САДОВНИК. Я всего лишь немой свидетель борьбы. Вообще-то мне по душе турецкая гвоздика и настурция, карнавалы цветов, праздник души…
МУЖЧИНА. Вы, говорят, даже цветам даете имена? Мария – прекрасное имя, не правда ли? Или Надежда, мой компас земной… Или пани Ирина.
САДОВНИК. Прекрасное имя Анастасия. Настя. Единственно прекрасное среди всех.
МАРИЯ (решая вмешаться). Федор Иванович!
САДОВНИК. Ах, это вы, горемычная ласточка?…
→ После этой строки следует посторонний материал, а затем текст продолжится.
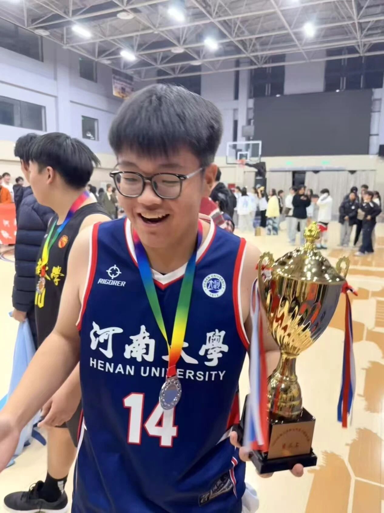大家好!我是22级金融数学专业康家宁。身高193cm, 是司职小前锋。作为球队里为数不多大四的球员,非常感谢教练能给我这个机会,非常感谢各位弟弟们的信任。正是大家的共同努力,才有今天的欧亚男篮.在河大的比赛中,我们拿过第四,拿过季军,拿过亚军。引用航队的一句话“欧亚今年很强,明年会更强”!我们一定会再接再厉,持续进步!

Женщина в белом делает угрожающие знаки.
МУЖЧИНА. Карнавалы цветов…
САДОВНИК. Печальные карнавалы. Цветы протестуют, когда поутру их срезают для большого начальства. И они правы, правы! Это так же ненормально, как если бы поутру обрезать человеку ноги и верхнюю часть тела переносить на гряды. А цветы при этом говорили бы: какое благоухание, как красиво…
Мужчина смеется, женщина тоже улыбается, но продолжает писать в блокнот.
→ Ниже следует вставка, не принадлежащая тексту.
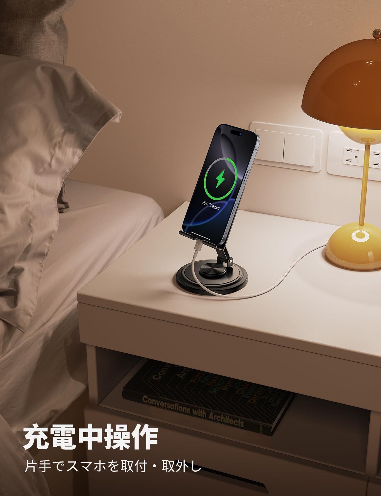 【角度調整・折り畳み・コンパクト】回転軸が二箇所あり、傾斜角度を自由に変えられます。非常に固いヒンジに支えられ、何回か開け閉めしても緩みが生じることは無く、固定されゆるみのようなストレスとは一切無縁。また折り畳み可能なので、カバンに入れて持ち運ぶのにも便利。二つの卵より軽量、大変な重さを感じず外出にも気軽に持って行けます。何処でも楽のスマホライフに役立ちます。新幹線、飛行機移動中、出張、旅行、展示会など様々なシーンに活躍できます。注意:スマホの安定性をするため、80°以下の傾斜で使ってください。

АЛЕКСЕЙ. Папа, хватит, пойдем домой, обедать.
МУЖЧИНА. Это ваш сын?
САДОВНИК. Да. Он из породы кленов, но морозоустойчив.
Алексей и Мария берут Садовника за руки.
АЛЕКСЕЙ. Пошли! Ты, кажется, сотворил беду.
САДОВНИК (вырываяруки). Я сотворил беду?! Беда машет крыльями над всей Россией, да что над страной'– над планетой. Нам осталось жить считанные часы… Завтра они соберутся…
Женщина лихорадочно записывает.
Мужчина впился глазами в Садовника.
САДОВНИК. Время погонят вспять… Вырубят сады, уничтожат редкостные породы деревьев… И леса под топор, под рукотворные моря… Кедры и пихты, клены и рябины… Дыхание перекроют. Зловоние над городами и селами… Ах, хорош дождь в дубовом лесу на среднерусской равнине… Но они уничтожат русскую равнину… Тундра и лишайники останутся детям…
Садовник вдруг заплакал.
АЛЕКСЕЙ и МАРИЯ. Идем! Идемте, Федор Иванович!
САДОВНИК (мужчине в белом). Видите, я не сопротивляюсь, я тихий человек. Мы договорились, я соблюдаю договор. Единственная моя слабость – сады, облитые лунной росой. Я не идеолог, мысли мои обыденны.
Алексей и Мария уводят Садовника, но в последний момент Садовник кричит мужчине в белом.
САДОВНИК. А кто вы такой? Кто?!
МУЖЧИНА. Я биолог. Я исследую патологические отклонения в ареалах сибирской флоры, впрочем, и фауны…
САДОВНИК. Вы вяз! Вяз! Биолог…
Алексей и Мария силой уводят Садовника.
ЖЕНЩИНА В БЕЛОМ.Сады хранят историческое время, понимаете, не календари, не газеты, не ЭВМ – а сады. Безумие.
МУЖЧИНА. Безумие?
ЖЕНЩИНА. Да. Ярчайший тип шизофреника.
Группа лиц издалека машет руками, призывая к себе этих двух в белых халатах.